Quinton Beauvier, whose role is the notoriously charming George Wickham, steps up behind us then, placing a hand on each of our shoulders. “Ladies,” he says. Tall and dark-skinned, hair cropped short, he’s boyishly handsome and easily the most muscled guy in the cast. An article in Emily’s favorite gossip magazine claimed he was as the hottest young actor to watch, and included a pull-out poster—now prominently taped on her closet door—in which he leans against a rickety rail fence wearing an introspective look, hands hooked in the front pockets of his low-slung jeans, biceps bulging out of a skin-tight white t-shirt.
“Mr. Beauvier,” MiShaun says, smiling.
“Would either of you like to dance? Reid and his cult followers are monopolizing the floor, and that boy can’t even dance. Look at him, just swaying around. Pitiful.”

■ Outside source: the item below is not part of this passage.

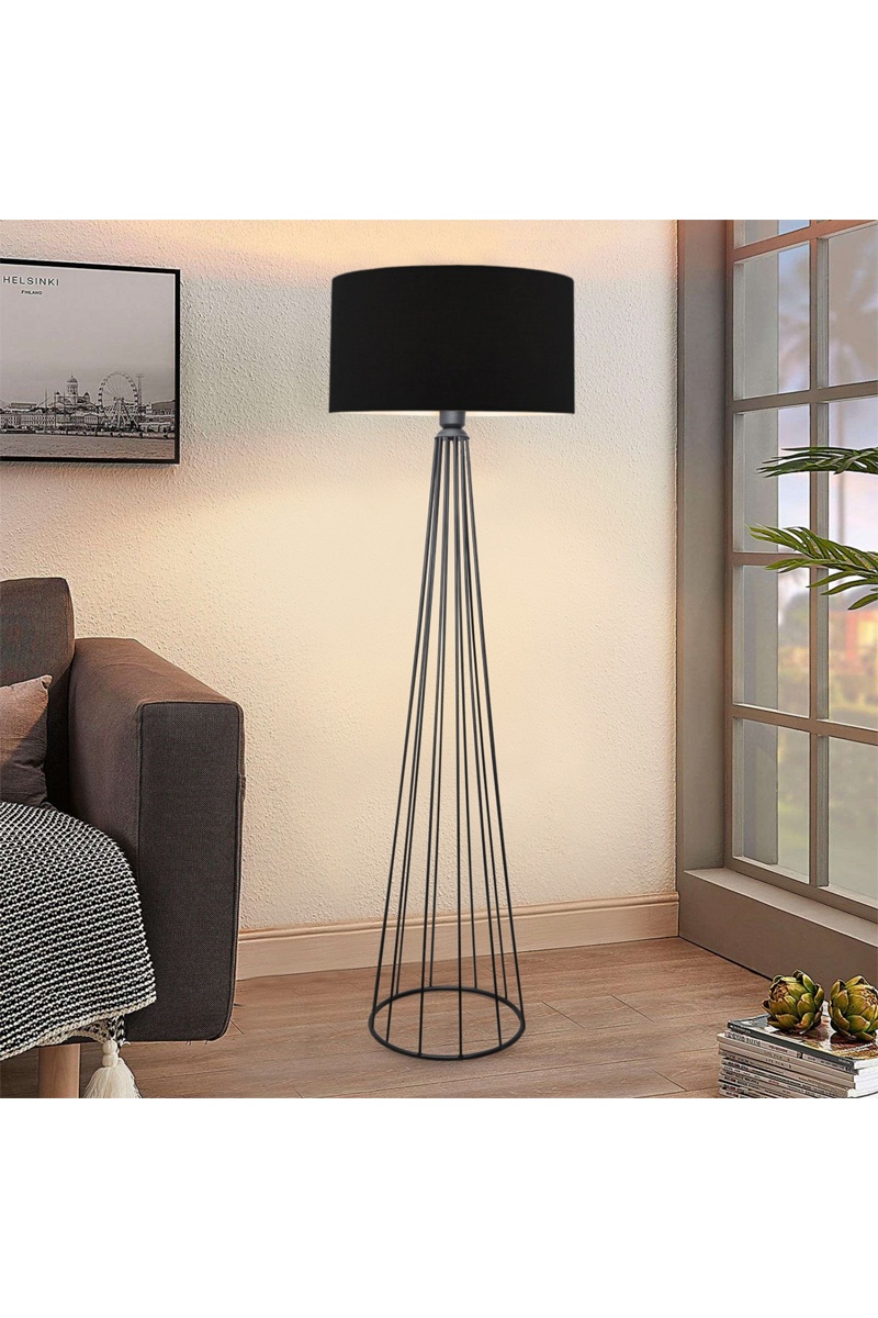 Staanlamp op driepoot - Wit en Eikenhoutimitatie - 60 W
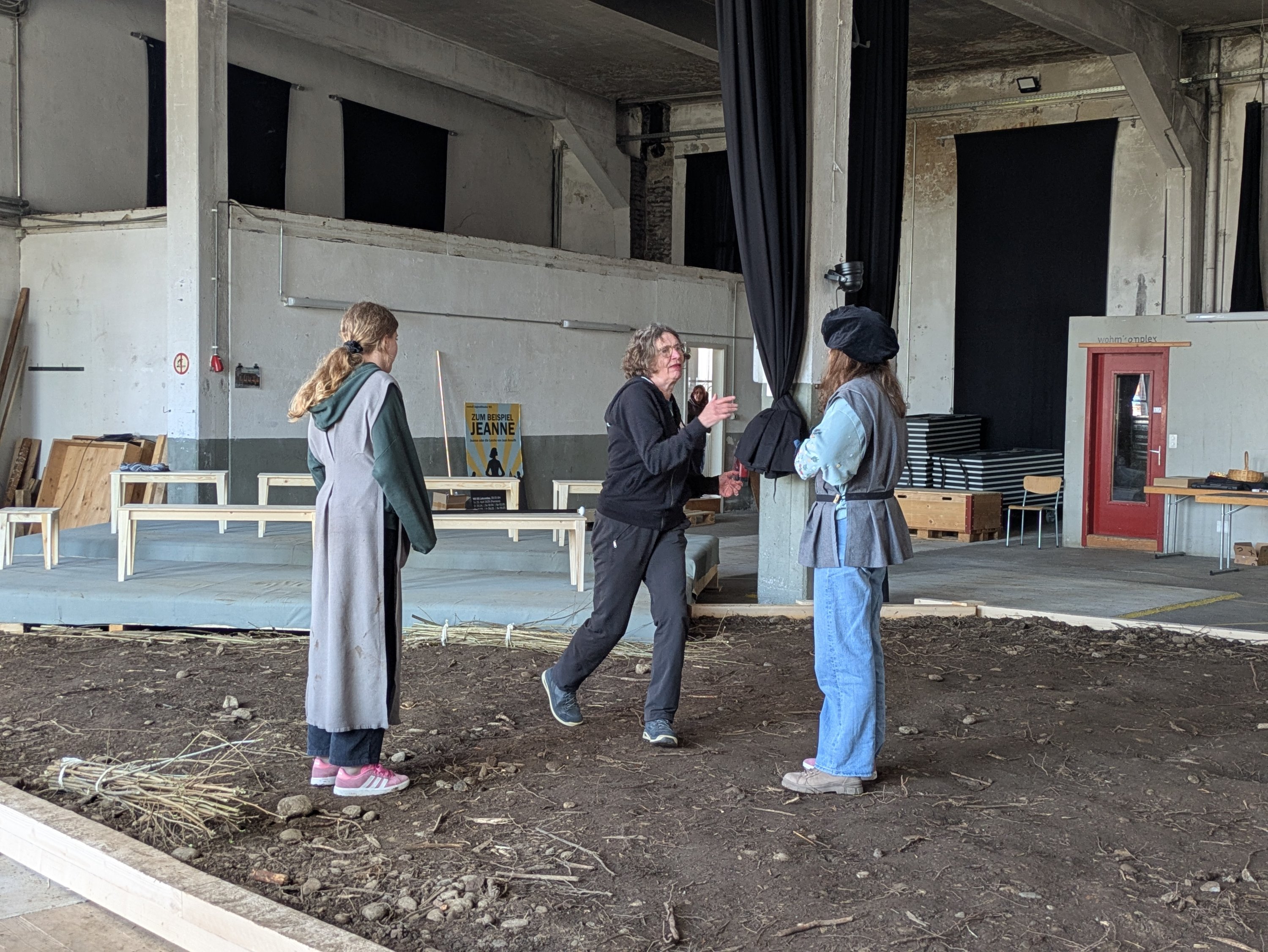 Die Hauptfigur des Stücks, Jeanne d'Arc, steht in Anorak und rosa Turnschuhen auf der Bühne, ihr Vater, gespielt ebenfalls von einer weiblichen Darstellerin, trägt zwei Paar verschiedene Schuhe: rechts beige Winterstiefel, links rosafarbene Turnschuhe. Sie hat einer Kollegin, die in Turnschuhen zur Probe kam, einen ihrer Stiefel geliehen, damit es sie nur an einem Fuss friert, berichtet sie lachend.

“In his defense, he doesn’t have room to do much else,” I say, and Quinton laughs.
“Yeah, yeah. So it’s the principle of the thing.”
“Go dance, Emma. I’m gonna head back to the bar for another one of these,” MiShaun holds up her disappearing cosmopolitan, “and then I’m going to go ask that blond guy who’s been staring at me for the last fifteen minutes to dance. Or something…” She gestures over her shoulder, where a guy in a white starched shirt and loose tie leans against the bar within a group of friends. Any time he looks away from MiShaun, his eyes wander back to her within seconds.
Quinton takes my hand and flashes a brilliant smile. “Let’s show that boy how it’s done.” I don’t know if Reid’s watching or not, but for a few minutes, I forget about him.
Ten minutes later, I tell Quinton, “You’re an awesome dancer.”
He smiles, revealing small dimples and utterly perfect teeth. Emily will die when I tell her. “I love to dance. It was my backup plan, in case the acting thing didn’t work out.” I look out over the crowd, most of whom are watching our group. Reid sips a beer near the bar, girls surrounding him. He glances up then and smiles at me, but doesn’t make any move to break from his groupies.
I turn away, ask Quinton if he’s seen MiShaun.
“She’s still talking to that scruffy white guy.” He gestures towards a dark corner, where the two are seated at a tiny table in close proximity, talking animatedly. Quinton shrugs and we both smile.
After a couple of hours, another drink, and several dances with numerous cast members (none of whom are Reid, dammit), the physical exertion reminds me how much I need to get back into my daily running routine. There’s no way I can stay out later and get up at the crack of dawn to run. I tell Quinton and Meredith I’m going back to the hotel.